- WHAT IS EXPECTED: When copying the listing below, skip every picture and keep each word as it stands.

- DATA EXCERPT:
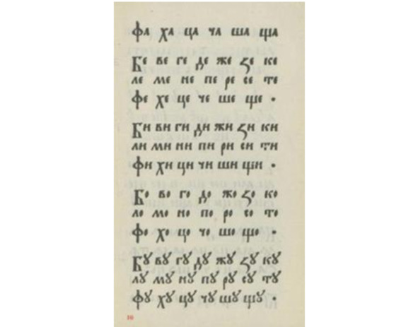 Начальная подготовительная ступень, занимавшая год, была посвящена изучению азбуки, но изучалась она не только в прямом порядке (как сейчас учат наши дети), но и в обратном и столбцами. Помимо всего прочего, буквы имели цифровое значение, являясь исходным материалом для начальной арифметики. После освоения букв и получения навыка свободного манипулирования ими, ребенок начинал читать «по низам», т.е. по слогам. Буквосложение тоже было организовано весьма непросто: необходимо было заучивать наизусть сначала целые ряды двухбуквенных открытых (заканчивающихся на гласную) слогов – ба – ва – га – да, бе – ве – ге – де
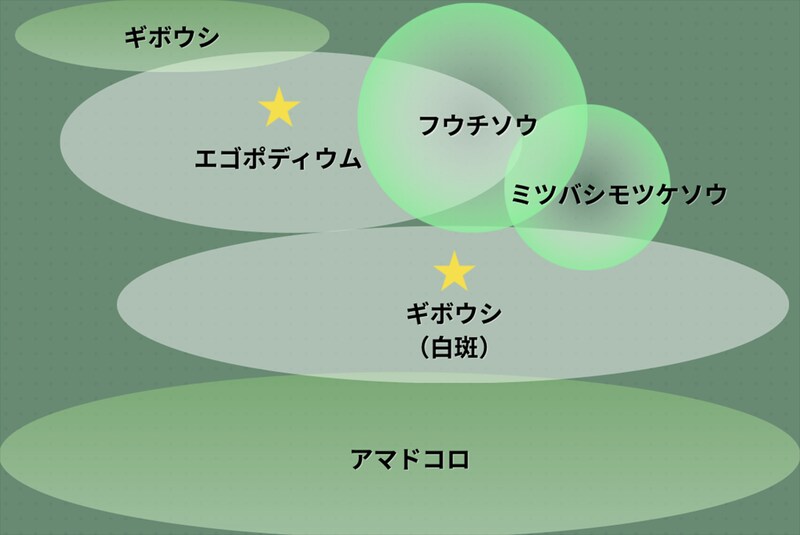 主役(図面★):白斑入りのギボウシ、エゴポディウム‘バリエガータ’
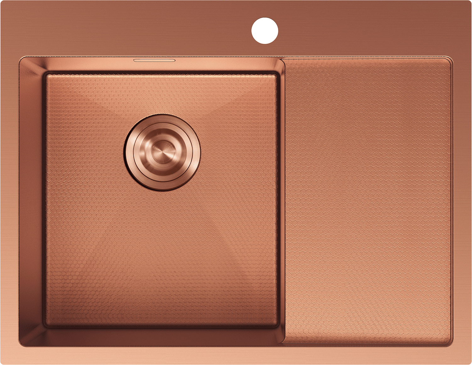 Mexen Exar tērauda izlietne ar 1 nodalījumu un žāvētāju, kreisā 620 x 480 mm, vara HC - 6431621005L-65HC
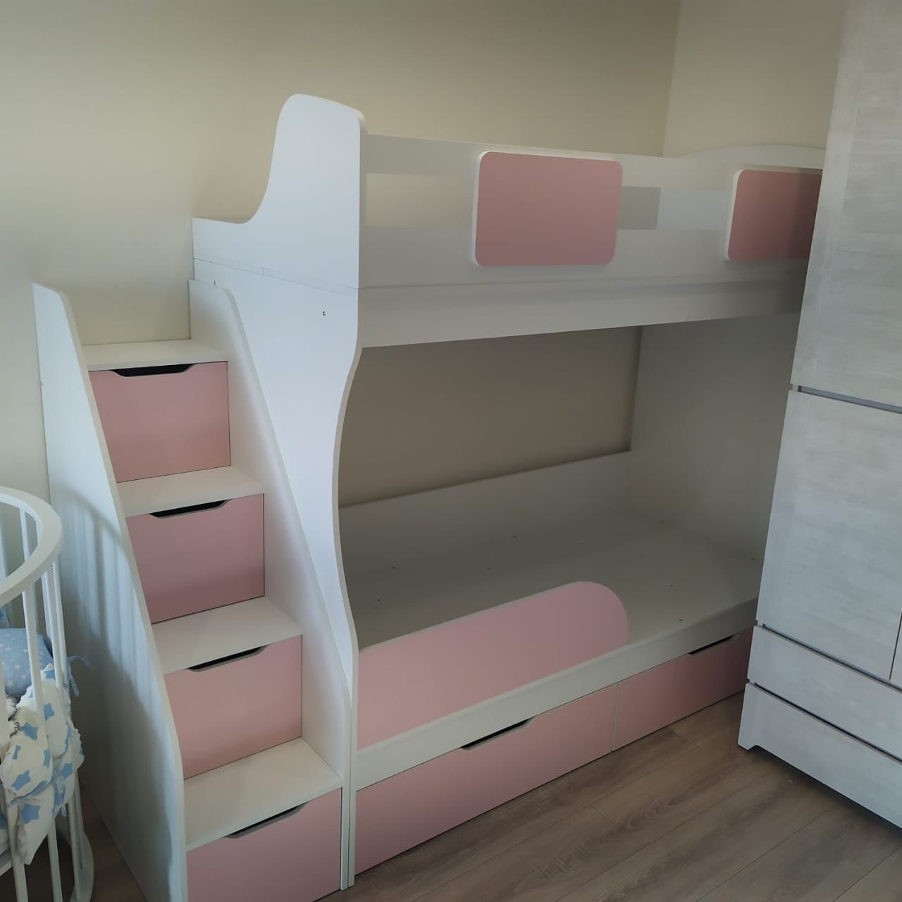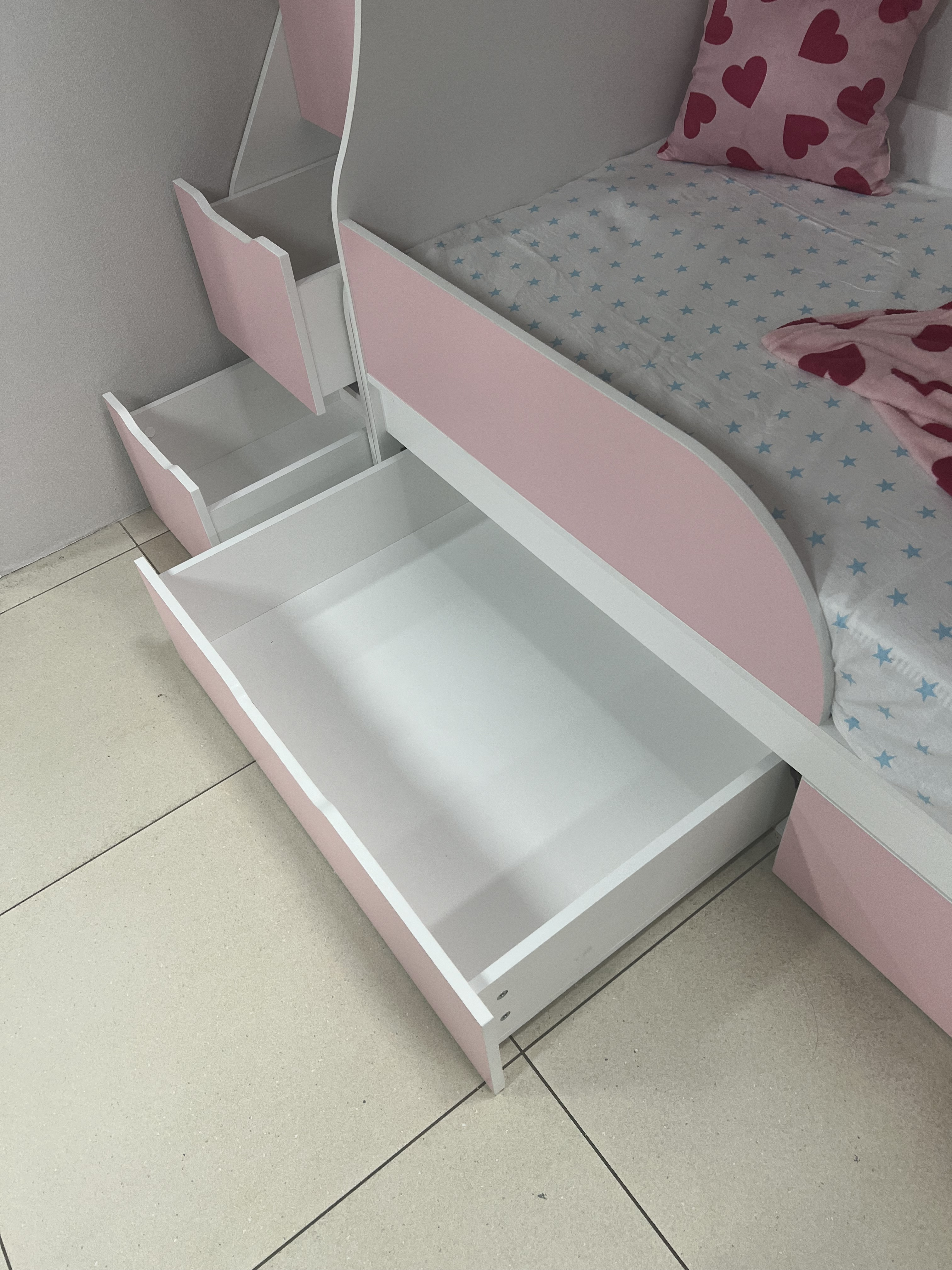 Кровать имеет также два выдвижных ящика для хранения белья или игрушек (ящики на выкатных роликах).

- OUTPUT BELOW:
 Начальная подготовительная ступень, занимавшая год, была посвящена изучению азбуки, но изучалась она не только в прямом порядке (как сейчас учат наши дети), но и в обратном и столбцами. Помимо всего прочего, буквы имели цифровое значение, являясь исходным материалом для начальной арифметики. После освоения букв и получения навыка свободного манипулирования ими, ребенок начинал читать «по низам», т.е. по слогам. Буквосложение тоже было организовано весьма непросто: необходимо было заучивать наизусть сначала целые ряды двухбуквенных открытых (заканчивающихся на гласную) слогов – ба – ва – га – да, бе – ве – ге – де
 主役(図面★):白斑入りのギボウシ、エゴポディウム‘バリエガータ’
 Mexen Exar tērauda izlietne ar 1 nodalījumu un žāvētāju, kreisā 620 x 480 mm, vara HC - 6431621005L-65HC
 Кровать имеет также два выдвижных ящика для хранения белья или игрушек (ящики на выкатных роликах).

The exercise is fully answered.